### Given records ###
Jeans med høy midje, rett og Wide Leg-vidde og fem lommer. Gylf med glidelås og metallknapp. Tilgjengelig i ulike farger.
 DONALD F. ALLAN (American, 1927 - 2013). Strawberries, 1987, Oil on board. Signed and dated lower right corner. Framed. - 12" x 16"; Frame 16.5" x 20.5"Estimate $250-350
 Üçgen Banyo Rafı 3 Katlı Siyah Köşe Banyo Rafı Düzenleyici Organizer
###
### Given records ###
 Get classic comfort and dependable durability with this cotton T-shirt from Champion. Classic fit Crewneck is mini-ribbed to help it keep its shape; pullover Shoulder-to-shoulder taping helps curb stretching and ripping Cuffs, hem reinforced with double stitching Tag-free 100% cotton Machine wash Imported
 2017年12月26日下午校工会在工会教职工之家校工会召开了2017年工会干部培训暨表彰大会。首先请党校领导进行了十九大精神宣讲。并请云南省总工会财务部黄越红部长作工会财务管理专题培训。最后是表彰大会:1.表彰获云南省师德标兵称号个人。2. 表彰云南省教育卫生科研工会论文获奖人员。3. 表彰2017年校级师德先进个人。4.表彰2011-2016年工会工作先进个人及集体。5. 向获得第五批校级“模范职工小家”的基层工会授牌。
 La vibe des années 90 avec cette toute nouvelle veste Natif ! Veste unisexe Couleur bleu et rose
###
**Your objective**
All lines in the listing above from the line containing "Jeans med høy" to the line containing "Üçgen Banyo Rafı", inclusive, should be retyped exactly; no other lines should appear.

**Completed exercise**
Jeans med høy midje, rett og Wide Leg-vidde og fem lommer. Gylf med glidelås og metallknapp. Tilgjengelig i ulike farger.
 DONALD F. ALLAN (American, 1927 - 2013). Strawberries, 1987, Oil on board. Signed and dated lower right corner. Framed. - 12" x 16"; Frame 16.5" x 20.5"Estimate $250-350
 Üçgen Banyo Rafı 3 Katlı Siyah Köşe Banyo Rafı Düzenleyici Organizer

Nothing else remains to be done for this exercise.